Krka National Park
Krka National Park
(Croatian: Nacionalni park Krka) is one of the Croatian national parks, named after the river Krka that it encloses. It is located along the middle-lower course of the Krka River in central Dalmatia, in Šibenik-Knin county, downstream Miljevci area, and just a few kilometers northeast of the city of Šibenik. It was formed to protect the Krka River and is intended primarily for scientific, cultural, educational, recreational, and tourism activities. It is the seventh national park in Croatia and was proclaimed a national park in 1985.
The Krka National Park is located entirely within the territory of Šibenik-Knin County and encompasses an area of 109 square kilometers along the Krka River: two kilometers downriver from Knin to Skradin and the lower part of the river Čikola. The Krka National Park is a spacious, largely unchanged region of exceptional and multifaceted natural value, and includes one or more preserved or insignificantly altered ecosystems.

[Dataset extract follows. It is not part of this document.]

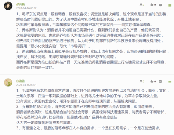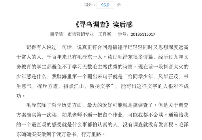 自2020年4月开始,《寻乌调查》学习分别在信阳师范公司太阳成tyc7111cc集团市场营销专业2017级(55人)、2018级(37人)及信阳公司2018市场营销本1班(56+辅修4人)的《市场营销策划》课程内进行实施,取得了一定的成效。2所公司3个教学班的全部152名员工都按照要求提交了《寻乌调查》读后感及相应市场调研报告。
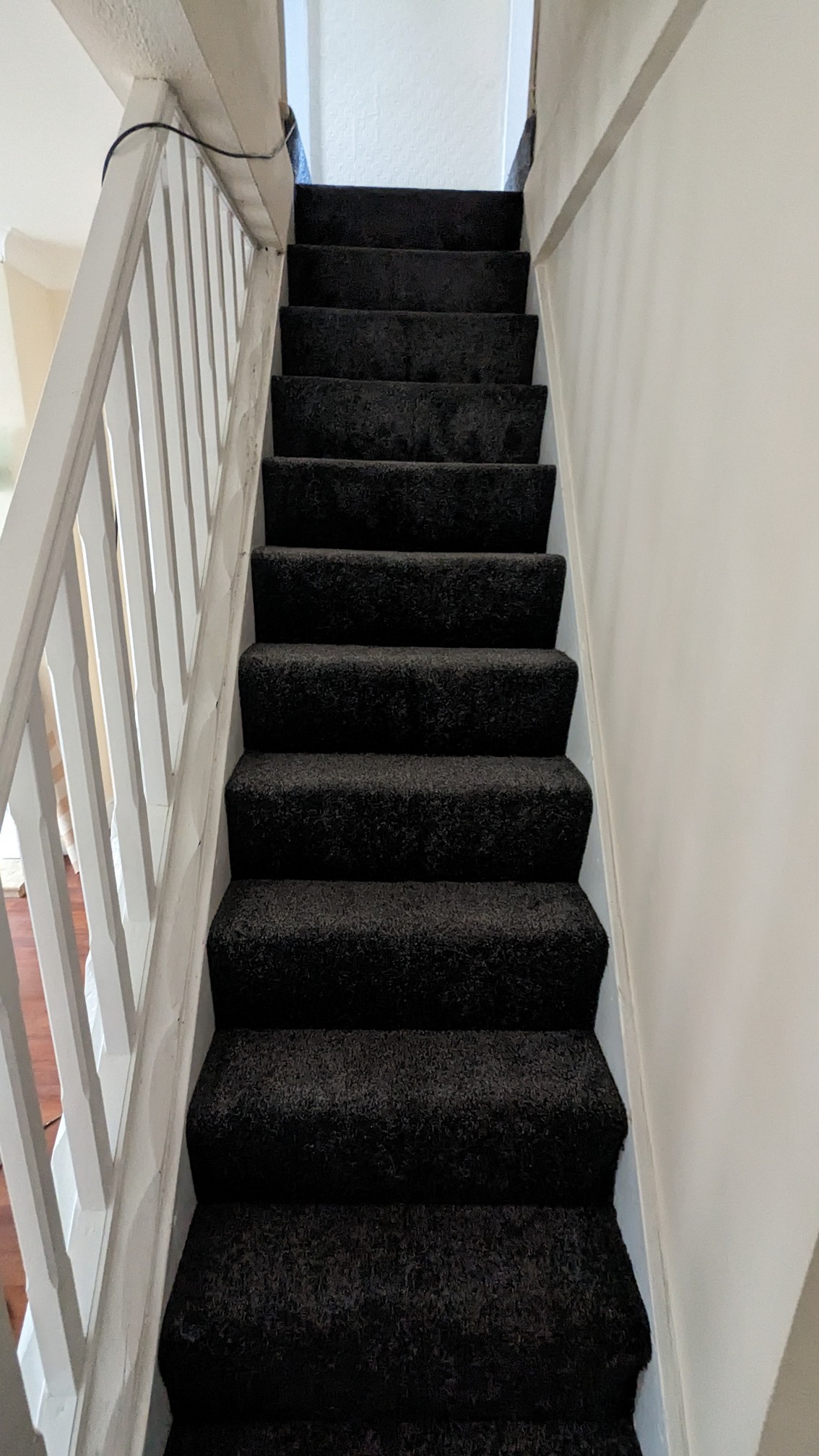 Back inside the house, the fully carpeted stairs leads up into two very big double-bedrooms -

The Krka National Park belongs to the Southern European (Mediterranean and sub-Mediterranean) region. Due to its special position and the mosaic distribution of various types of habitats, it is characterized by exceptionally rich and varied flora and fauna.
Eight hundred and sixty species and subspecies of plants have been identified within the territory of the Krka National Park, including several endemic Illyrian-Adriatic species.
Eighteen species of fish inhabit the Krka River, among which ten are endemic, making the Krka a natural landmark of the highest category. Brown trout and Dalmatian Barbelgudgeon are a couple of fish that can be found in the ecosystem.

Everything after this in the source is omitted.